The task calls for the lines below from the line with "Ich benötige ein" to the line with "Satuan Tugas Prajurit", both ends included, copied exactly, without any pictures.

Data to examine: Begin

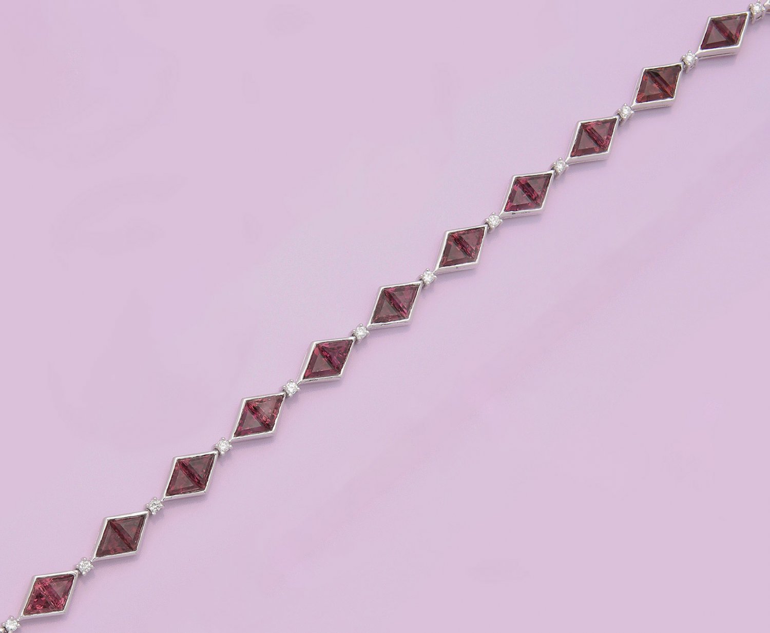 Elegantes Rubellit-Armband Weißgold, gest. 750. Linear besetzt mit rot-violetten Rubelliten von zus.ca. 11 ct., in rautenförmiger Fassung, unterteilt durch Brillanten von zus. ca. 0,40 ct.; Gew. ca. 13,98 g.
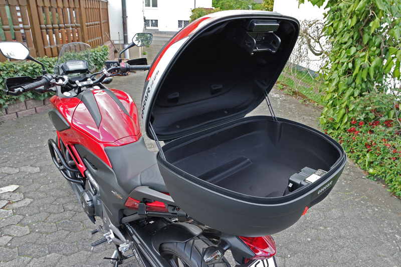 Ich benötige ein großes Topcase um Materialien und Co (ev. auch Laptop) für die Arbeit mitnehmen zu können.
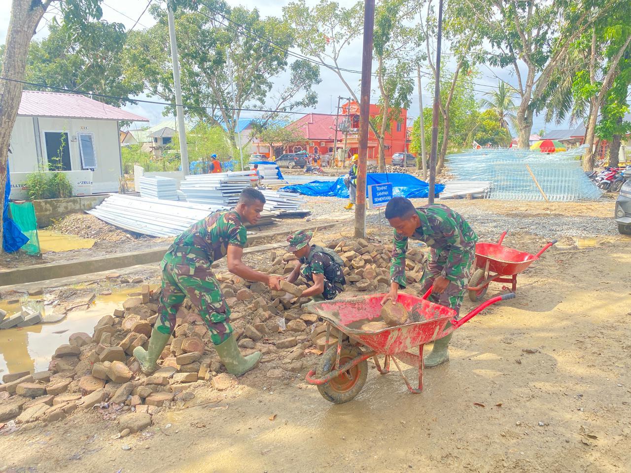 Satuan Tugas Prajurit Batalyon Zeni Tempur 10 Kostrad, membantu pembagunan Hunian Sementara Modular pasca bencana banjir bandang di Kabupaten Aceh Tamiang, Jumat. (09/01/2026).
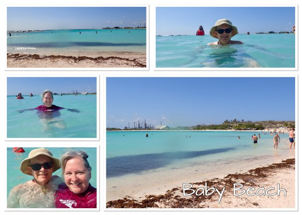 Our final stop was Baby Beach, which is supposed to be one of the most beautiful beaches on the island and reported to be good for snorkeling. It was a pretty beach and the water was beautiful but there was no snorkeling. Maybe on another day? In the lagoon the water is only 3′-6′ deep. We got about an hour to float and it was heaven.
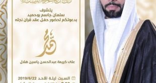 أكمل القراءة »يتشرف سلمان جاسم بوحميد بدعوتكم لحضور حفل عقد قران نجله محمد السبت ليلة الأحد 22…
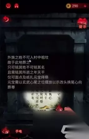 2、用手电照到墙上就会出现文字线索,照射墓碑会出现相关文字,到吴某的墓碑后会出现一个怪女人。
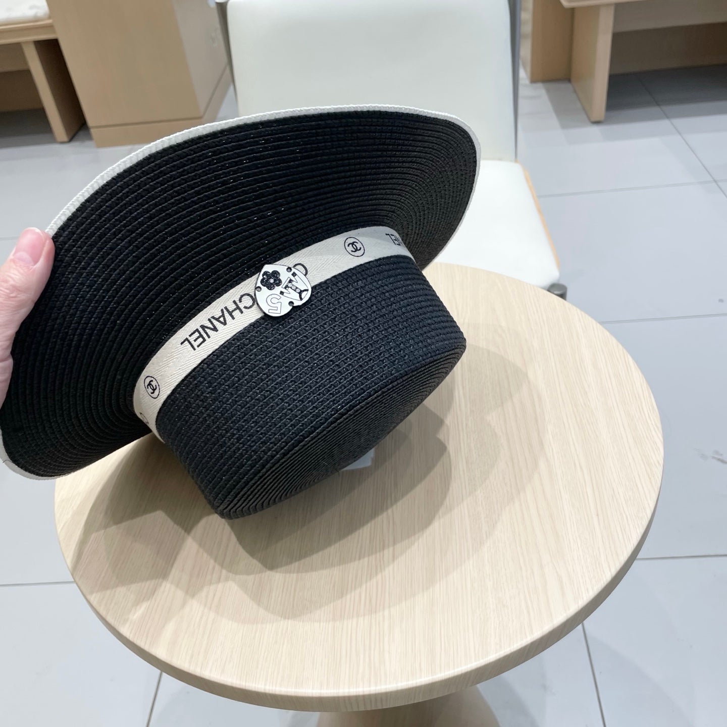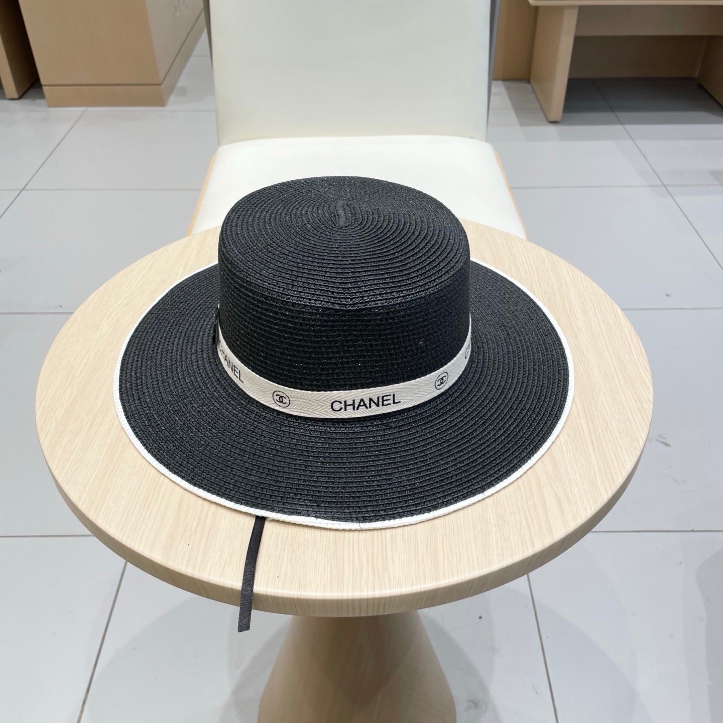 FLAT STRAW HAT BLACK 672722
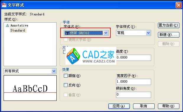 這顯然不是旋轉命令的結果,因為將字體設定旋轉之后,是將輸入的文字整行進行90°旋轉,而不是每個字各自旋轉。產生這種情況的原因是“字體樣式”中選定的中文字體有誤。通常是將字體名下拉列表框中開始部分和結尾部分的兩種字體搞混淆,因為這兩種字體名極為相像,如果同樣是仿宋體的話,那么開始部分的字體名只比結尾部分的字體名多出了“@”符號, 因為差別不大,很容易就會誤選。如果選用了帶“@”符號的字體,就會出現每個字都旋轉的情況。
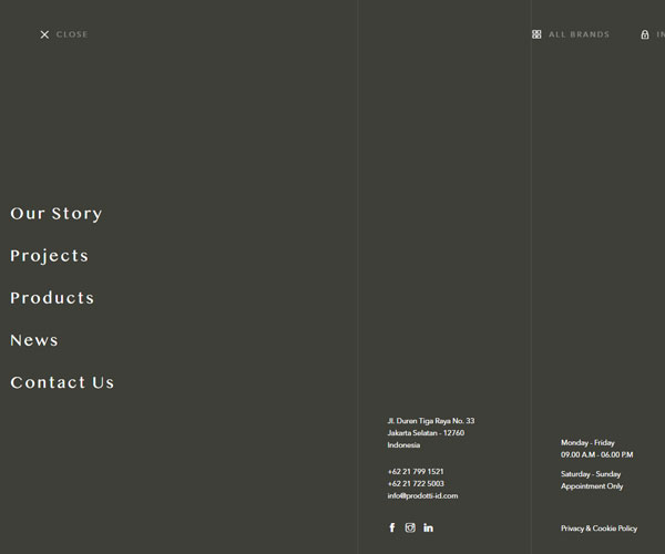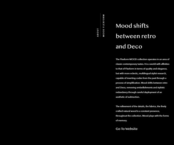 Prodotti提供精美的家具,官網的建設通過黑底和暖色產品圖形成對比加強視覺效果,
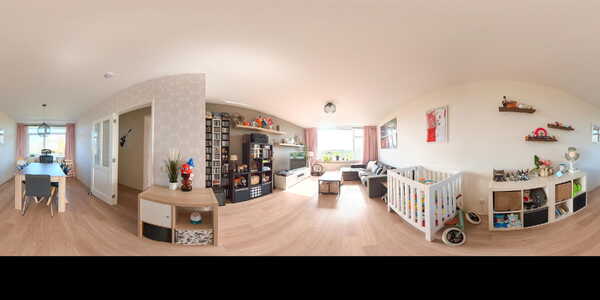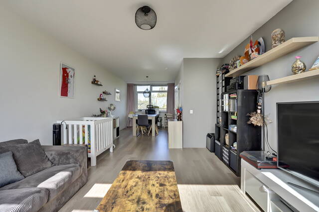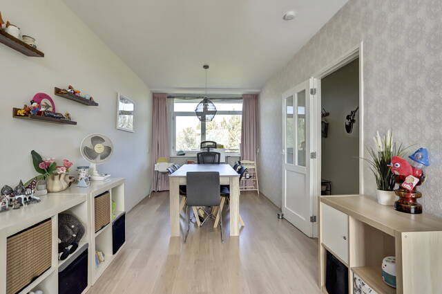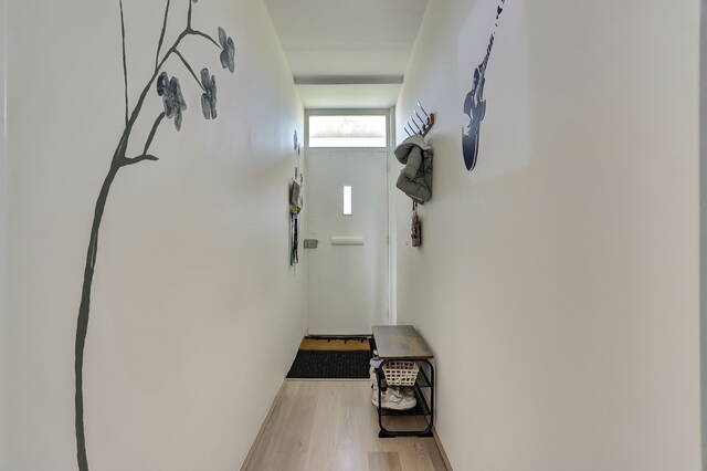 Zodra je de voordeur opent, kom je in een hal die direct toegang geeft tot de ruime en lichte woonkamer. De grote raampartijen zorgen voor een zee van daglicht, waardoor de ruimte nog groter aanvoelt dan hij al is. De gehele woonvleugel is, met uitzondering van de natte ruimtes, voorzien van een nette laminaatvloer die het geheel een moderne uitstraling geeft. Vanuit de woonkamer loop je naadloos door naar de eethoek, waar je met gemak een grote eettafel kwijt kunt voor gezellige etentjes.

Data to examine: End

▶ [Task response]:
 Ich benötige ein großes Topcase um Materialien und Co (ev. auch Laptop) für die Arbeit mitnehmen zu können.
 Satuan Tugas Prajurit Batalyon Zeni Tempur 10 Kostrad, membantu pembagunan Hunian Sementara Modular pasca bencana banjir bandang di Kabupaten Aceh Tamiang, Jumat. (09/01/2026).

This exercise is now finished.